C’est l’histoire de la déportation des Juifs hongrois en 1944 que Yoram Leker, l’un des descendants de ce train raconte…
Début 2019, Michal Ben-Naftali avait publié chez Actes Sud un roman sur cet épisode dramatique de l’histoire de l’holocauste : « L’Énigme Elsa Weiss ». Elle avait imaginé un personnage pour évoquer le sort injuste d’un homme qui sauva près de 1700 Juifs hongrois en négociant avec Eichmann. Plus tard, dans les années 50, en Israël on jugea Kasztner. Certains Juifs, par jalousie, jouaient à dénoncer celles et ceux qui, que… L’honneur fut rétabli… Mais Kasztner fut assassiné, sans doute par les services secrets de Ben Gourion.
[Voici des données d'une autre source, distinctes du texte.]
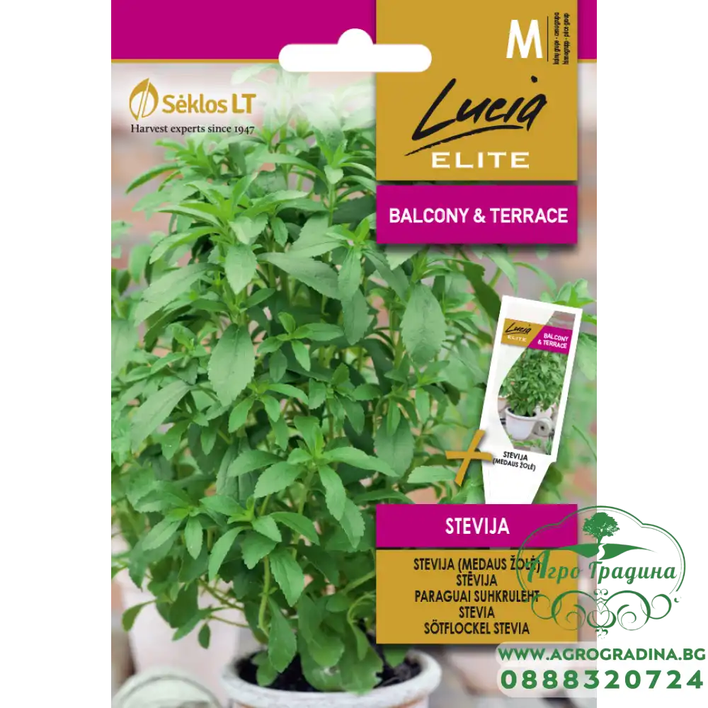 Стевията ( МЕДЕНА БИЛКА )  е многогодишно разстение,10-16 пъти по-сладко от захарта. Височината му е около 60-80 см. Листата на растението могат да се добавят към чай, кафе, компот, печива – всичко, което се подслажда. Растението е почти безкалорично и е безопасно за диабетици. Отглежда се в стаи, през лятото - на балкони отвън, растението не презимува. При отглеждане на стевия на перваза на прозореца в края на есента и зимата е необходимо да се инсталира допълнително осветление, за да се създадат благоприятни условия за растеж. Семената са малки,  покълват трудно и дълго време. Много е важно да се създадат оптимални условия за покълване. За да покълнат семената е важно посевът да не се преполива и да не се изсушава. Семената са малки, засети в земята не се покриват. От 10 семена ще можете да отгледате 4-5 растения, тоест 10 семена ще са достатъчни за засаждане на 4-5 саксии с по 1 растение. При отглеждане се препоръчва пестеливо използване на азотни торове, които "намаляват" сладостта на листата.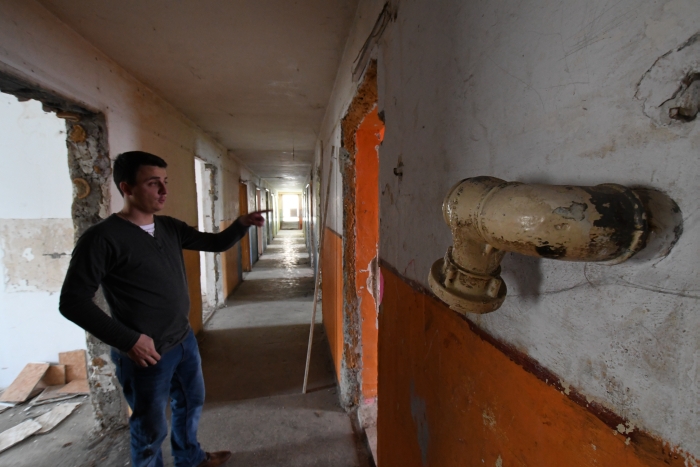 Székely Róbert az egykori szociális lakásokat befogadó emeleten

Yoram Leker, l’un des descendants de ce train revient sur cette histoire. Il est aujourd’hui avocat et il nous propose une saga familiale truculente depuis les années 40 jusqu’à nos jours en offrant comme dans un roman choral, le point de vue de Csillu, la mère, une femme exubérante, rescapée de Bergen-Belsen, Tamas, un cousin, Agi qui ne voulait pas mourir vierge et était amoureuse d’Ivan, le sien aussi. Les faits sont dramatiques, mais le ton de ce récit à la mode des contes yiddish, cherche le merveilleux, le rire même au cœur de la tragédie. Et quand on sait que c’est une page d’histoire vraie, même si on rit, l’émotion affleure.
Vendre son âme au diable… Dans Faust… oui, mais ici… Même le diable n’aurait pas voulu de ces âmes, il s’est chargé de souffler dans celle des nazis pour que le boulot soit fait. Et il y eut le courage de quelques-uns, dont Kasztner pour négocier, s’adresser aux Alliés. On pouvait sauver bien davantage de Juifs, mais on ne l’a pas écouté, pas plus que Brand, l’émissaire que l’on envoya en Grèce, un simple aller et retour. Il ne put revenir à temps et les déportations eurent lieu, tragiques pour tant d’hommes, de femmes, de vieillards et d’enfants.
Entre les lignes, on entend le violon d’Agi, Mahler, Tchaïkovski… Sa colère aussi : « Je suis comme un goût amer. Je suis la Symphonie de l’ancien monde. Je suis Mme Butterfly. Je suis la colère de Gabor, je suis le fantôme d’Ivan. Ils vont m’entendre depuis la fosse d’orchestre jusqu’au fin fond de leurs tripes. Je suis la chair meurtrie de Mme Butterfly, déchirée par les barbelés du camp de Bergen-Belsen. Je suis la fin des temps. ». Le chemin vers la terre d’Israël n’a pas été un chemin de sable fin bordé de roses.
Ouvrage à ne manquer sous aucun prétexte.